1770’lere yaklaşılıp Avrupa’da yeniden geçici bir barış havası esmeye başladığında, Viyana ve Paris’te devleti yönetenler, yani Maria Theresia’nın ve XV. Louis’nin danışmanları, süregelmekte olan siyasi karmaşanın Habsburg ve Bourbon hanedanlarına hiçbir fayda sağlamadığını, bu durumdan İngiltere, Prusya ve Rusya’nın kârlı çıktığını görerek Avrupa’nın iki soylu ailesini kan yoluyla birleştirmenin yollarını aramaya başladılar. Önerdikleri çözüm iki hanedanın evlilik yoluyla akraba yapılması, dolayısıyla Fransa ve imparatorluk güçlerinin aynı safta yer almasının sağlanmasıydı. Bu evliliğe en uygun çift olarak Maria Theresia’nın kızı Marie Antoinette ile Fransa tahtına XVI. Louis adıyla çıkacak olan, Fransa Kralı XV. Louis’nin torunu Louis Auguste seçilmişti. Aslında Viyana ve Paris’teki diplomatlar, giyotine gönderecekleri kral ve kraliçeyi seçtiklerinin farkında olmadan Maria Theresia ve XV. Louis’nin olurunu alıp, bu “mutlu evliliğin” hazırlıklarına başlamışlardı. Ünlü yazar Stefan Zweig, Marie Antoinette adlı yaşamöyküsünde bu dönemi büyük bir ustalıkla anlatmış, evlilik yoluyla barış sağlama çabalarının Avrupa tarihindeki geçmişine de değinmiştir:

[…] 1769’da nihayet XV. Louis’nin Maria Theresia’ya yazdığı, kralın genç prensesi, ileride XVI. Louis adıyla kral olacak torununa resmen istediği ve evlenme tarihi olarak gelecek yılın Paskalya’sını önerdiği, ne zamandır beklenen o mektup gönderilir. Maria Theresia mutluluk içinde olurunu verir; endişeler içinde geçen onca yıldan sonra, trajik bir yılgınlık içinde bulunan imparatoriçe, bir kere daha talihin yüzüne güldüğünü görmektedir. İmparatorlukta barış, bununla birlikte de Avrupa’da barış, gözüne şimdi sağlanmış görünmektedir; kuryeler gönderilip bütün saraylara Habsburg ve Bourbon’un düşmanlığı bırakıp kan bağıyla bağlı müttefikler haline geldiği resmen ilan edilir: “Bella gerant alii, tu, felix Austria, nube” (Başkaları savaşabilir, sen mutlu Avusturya, evlen). Habsburg Hanedanı’nın eskilerden kalma şiarı,1 bir kere daha geçerliliğini kanıtlamıştır.
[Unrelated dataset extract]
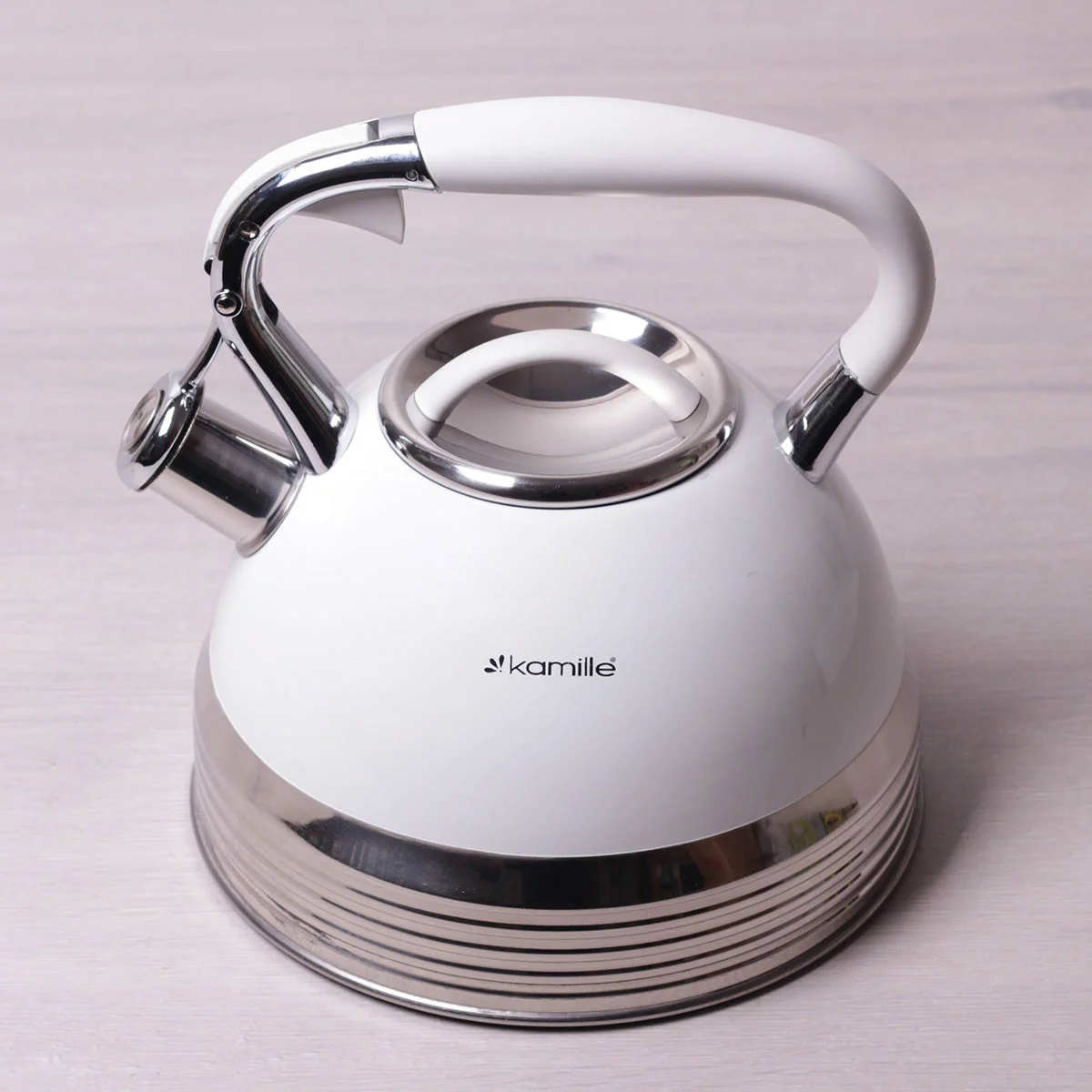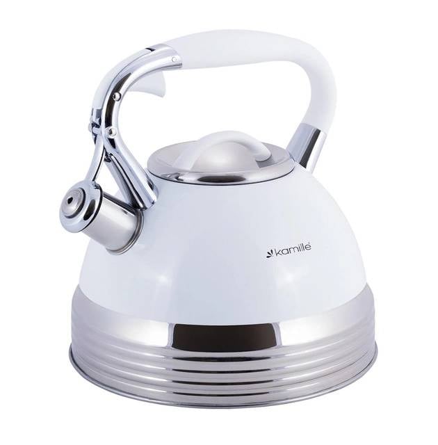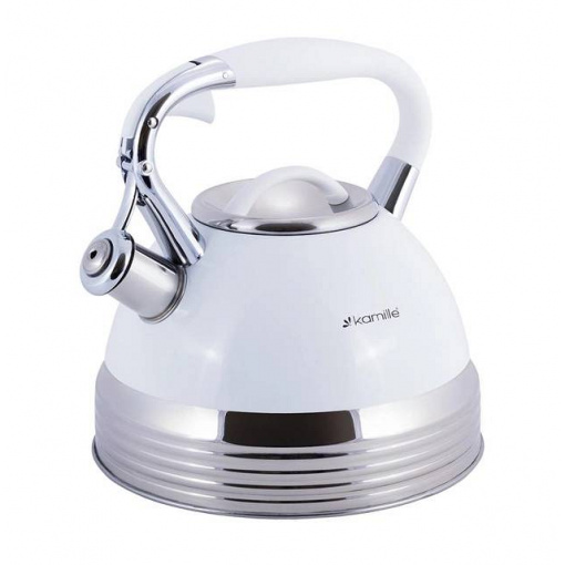 Чайник 2,7 л Kamille із нержавіючої сталі зі свистком та ручкою з покриттям "soft-touch" білий КМ-0696AN

16 Mayıs 1770 günü görkemli bir törenle Paris’te evlenen genç çift, ne yazık ki Fransa’nın ve Avrupa’nın siyasi geleceğini olumlu yönde değiştirememişti. Ancak bu düğünden yedi ay sonra, aralık ayında Köln Elektörlüğü’nün3 başkenti Bonn’da dünyaya gelen bir bebek, otuzlu yaşlarına ulaştığında müzik tarihinin gidişini kökünden değiştirecekti.

* * *

17 Aralık 1770 günü vaftiz edilen Ludwig van Beethoven’ın doğum günü kesin olarak bilinmiyor. Ancak dönemin alışkanlıklarından yola çıkarak pek çok kaynak doğumun bu tarihten bir gün önce gerçekleşmiş olabileceğini ve bestecinin 16 Aralık’ta dünyaya geldiğini varsayıyor. Ailenin kökleri günümüzde Belçika toprakları içinde yer alan Mechelen4 kentine dek uzanıyordu. Bu kentte bir fırıncının oğlu olarak 1712’de dünyaya gelen Ludwig van Beethoven,5 yıllar sonra aynı adı taşıyacak torunu sayesinde müzik tarihinde kendine yer edinecekti. Dede ve torunun bir başka ortak özelliği, her ikisinin de yaşamlarını sade bir müzisyen olarak kazanmaya başlayıp sonraki yıllarda başarı basamaklarını hızla tırmanmalarıydı. Dede Ludwig van Beethoven, beş yaşında kilise korosunda şarkı söylemeye başlamış, on beş yaşına dek doğduğu kentte sürdürdüğü müzik eğitimine bu tarihten sonra komşu kentlerde devam etmişti. Kilise korolarında tenor olarak çalışmış, 1732’de Liège’deki Sankt Lambertus Katedrali’nin korosuna katılmıştı. Yaklaşık bir yıl sonra kenti ziyaret eden Köln elektörünün dikkatini çekmiş ve onun davetiyle meslek yaşamına Bonn’da devam etmeye başlamıştı.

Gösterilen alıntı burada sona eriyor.